The goal of this project is to **classify SMS messages as spam or non-spam** using machine learning techniques. The model will help in **automatically filtering out spam messages**, reducing user inconvenience and improving security. The project focuses on achieving **high accuracy and efficiency** through proper data preprocessing and the use of effective classification algorithms.

### Dataset Loading

In [None]:
# Loading Dataset
import pandas as pd
path='/content/sms_spam.csv'
df = pd.read_csv(path, encoding='latin-1')

# Displaying the first few rows and dataset info
df.info(), df.head()

# **Cleaning the data**


In [None]:
# Dropping unnecessary columns
df = df[['v1', 'v2']]

# Renaming columns for clarity
df = df.rename(columns={'v1': 'label', 'v2': 'message'})

# Converting labels to binary (ham = 0, spam = 1)
df['label'] = df['label'].map({'ham': 0, 'spam': 1})
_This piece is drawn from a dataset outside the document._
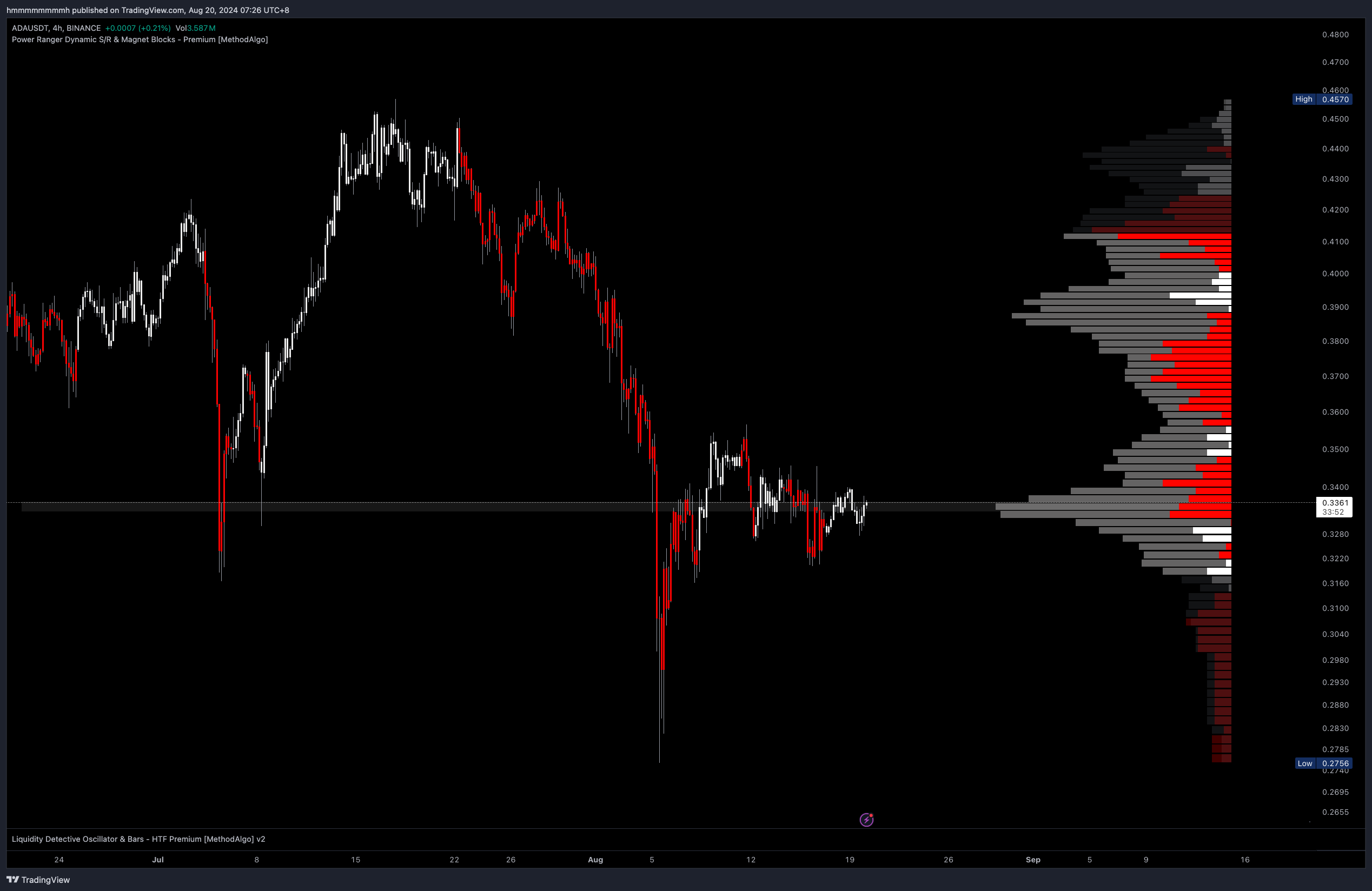 In the chart of ADAUSDT, the left side shows a capitulation candle, and the right side shows the subsequent price movement after capitulation:

# Checking the cleaned dataset
df.info(), df.head()

- Kept only relevant columns (v1, v2).
- Renamed them as label, message for clarity.
- Converted the labels (ham → 0, spam → 1).

# **Text Preprocessing**


In [None]:
import re
import nltk
from nltk.corpus import stopwords
from nltk.stem import PorterStemmer

# Downloading stopwords
nltk.download('stopwords')

# Initialing the stemmer and stopwords
ps = PorterStemmer()
stop_words = set(stopwords.words('english'))

# Text preprocessing function
def preprocess_text(text):
    # Converting to lowercase
    text = text.lower()
    # Removing special characters, numbers, and punctuation
    text = re.sub(r'[^a-z\s]', '', text)
    # Tokenization and stemming
    words = text.split()
    words = [ps.stem(word) for word in words if word not in stop_words]
    # Joining the words back into a cleaned sentence
    return ' '.join(words)

# Applying preprocessing to all messages
df['cleaned_message'] = df['message'].apply(preprocess_text)

# Displaying the cleaned dataset
df.head()

- All messages are converted to lowercase, punctuation removed, and stopwords filtered out.
- Stemming applied to reduce words to their root form (e.g., 'running' → 'run').
- The dataset is now ready for feature extraction.

In [None]:
from sklearn.feature_extraction.text import TfidfVectorizer
from sklearn.model_selection import train_test_split

# Converting text into numerical features using TF-IDF
tfidf_vectorizer = TfidfVectorizer(max_features=5000)  # Limit features to 5000 most important words
X = tfidf_vectorizer.fit_transform(df['cleaned_message'])

# Labels (Spam = 1, Ham = 0)
y = df['label']

# Splitting the dataset into 80% training and 20% testing
X_train, X_test, y_train, y_test = train_test_split(X, y, test_size=0.2, random_state=42, stratify=y)

# Checking dataset sizes
X_train.shape, X_test.shape, y_train.shape, y_test.shape


- Text successfully converted into numerical features using TF-IDF.
- Dataset split into 80% training and 20% testing.
- The model is now ready for training.

In [None]:
from sklearn.naive_bayes import MultinomialNB
from sklearn.metrics import accuracy_score, classification_report, confusion_matrix

# Training a Naive Bayes model
nb_model = MultinomialNB()
nb_model.fit(X_train, y_train)

# Predictions on the test set
y_pred = nb_model.predict(X_test)

# Evaluating the model
accuracy = accuracy_score(y_test, y_pred)
classification_rep = classification_report(y_test, y_pred)
conf_matrix = confusion_matrix(y_test, y_pred)

# Printing the results
print(f"Model Accuracy: {accuracy:.2%}\n")
print("Classification Report:\n", classification_rep)
print("Confusion Matrix:")
print(conf_matrix)

- Algorithm Used: Naive Bayes (MultinomialNB)
- Accuracy Achieved: 96.77%
- Precision (Spam Detection): 99% (Very few false positives)
- Recall (Spam Detection): 77% (Some spam messages missed)
- Confusion Matrix Analysis: 35 spam messages misclassified as ham.

# **Conclusion**


This project successfully showed how to classify text using Machine Learning.This method could be used in real-world applications like filtering spam in messages, emails, and detecting fraud.